Yesterday afternoon my wife, niece, and I had the delight of entertaining Amba in our home. Her blog, Ambivablog, has been on my rather select blogroll for a very long time. Along with other very interesting writers she now posts at a group blog, Ambiance. I cooked brunch for all of us and we dined, drank tea, and chatted the afternoon away.

As has been my experience in meeting bloggers with whom I’ve corresponded for many years, I found Amba even more intelligent, engaging, and charming in person than is reflected in her writing, always beautifully crafted. And as has been my experience in meeting in person those whose thoughts I’ve shared in the blogosphere for so many years, meeting her was much more like seeing an old friend again than it was like welcoming a stranger.

I don’t know whether it’s apparent from my writing but in person although I try to be as kind and considerate as possible I’m also frequently fairly direct.
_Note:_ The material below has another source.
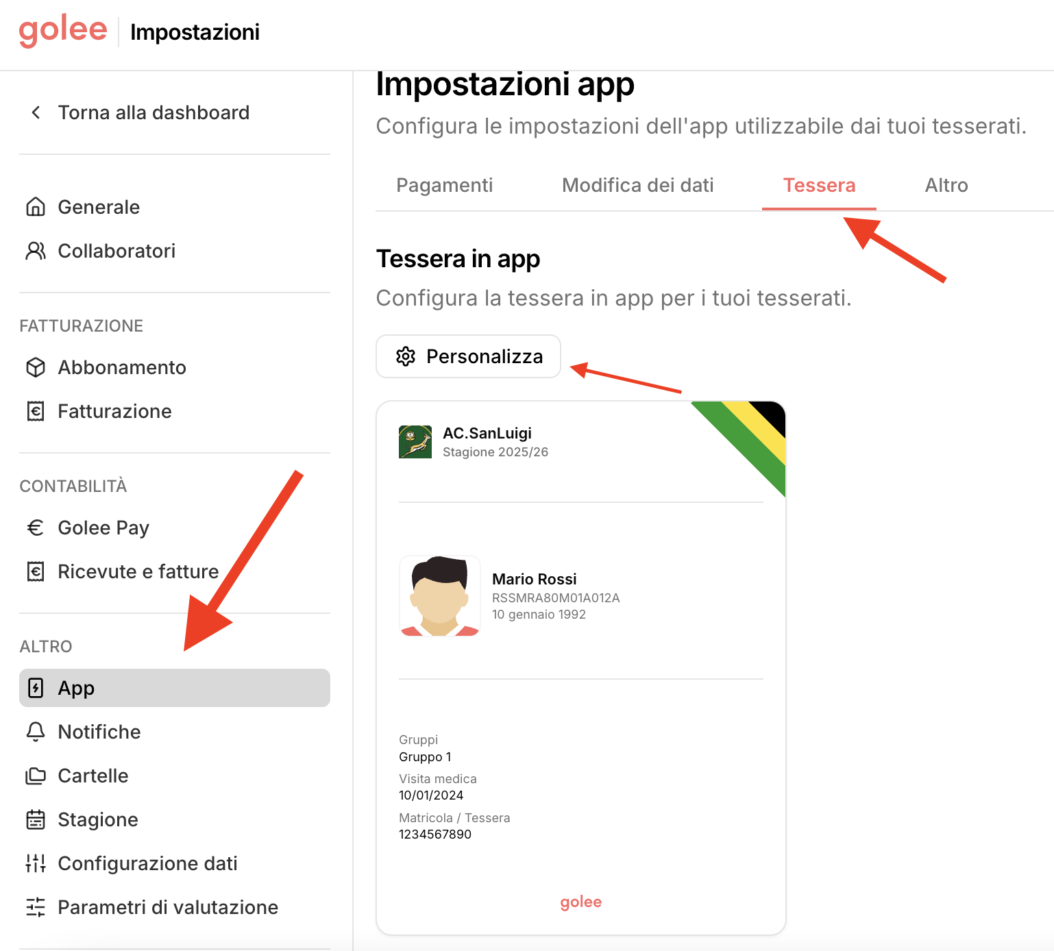 Puoi decidere quali informazioni del tesserato / iscritto mostrare nella sua tessera sociale, per personalizzarle clicchi sul "profilo -> impostazioni" in alto a destra nel tuo gestionale, passi alla voce "APP" e dalla sottosezione "tessera" la personalizzi abilitando o disabilitando i dati disponibili:

I ask direct questions. In this case I took the opportunity of Amba’s visit and the occasion of the ninth anniversay of the attacks on September 11, 2001 to give my niece the opportunity of hearing a first-hand account of the events of that terrible day. Amba and her husband, Jacques, lived a bit more than mile from the World Trade Center at the time, heard the planes fly over their heads, and could testify to what it felt to be a New Yorker on that fateful day. A first-hand account, face to face, with a perceptive and sensitive individual who actually lived the experience is worth a thousand written accounts.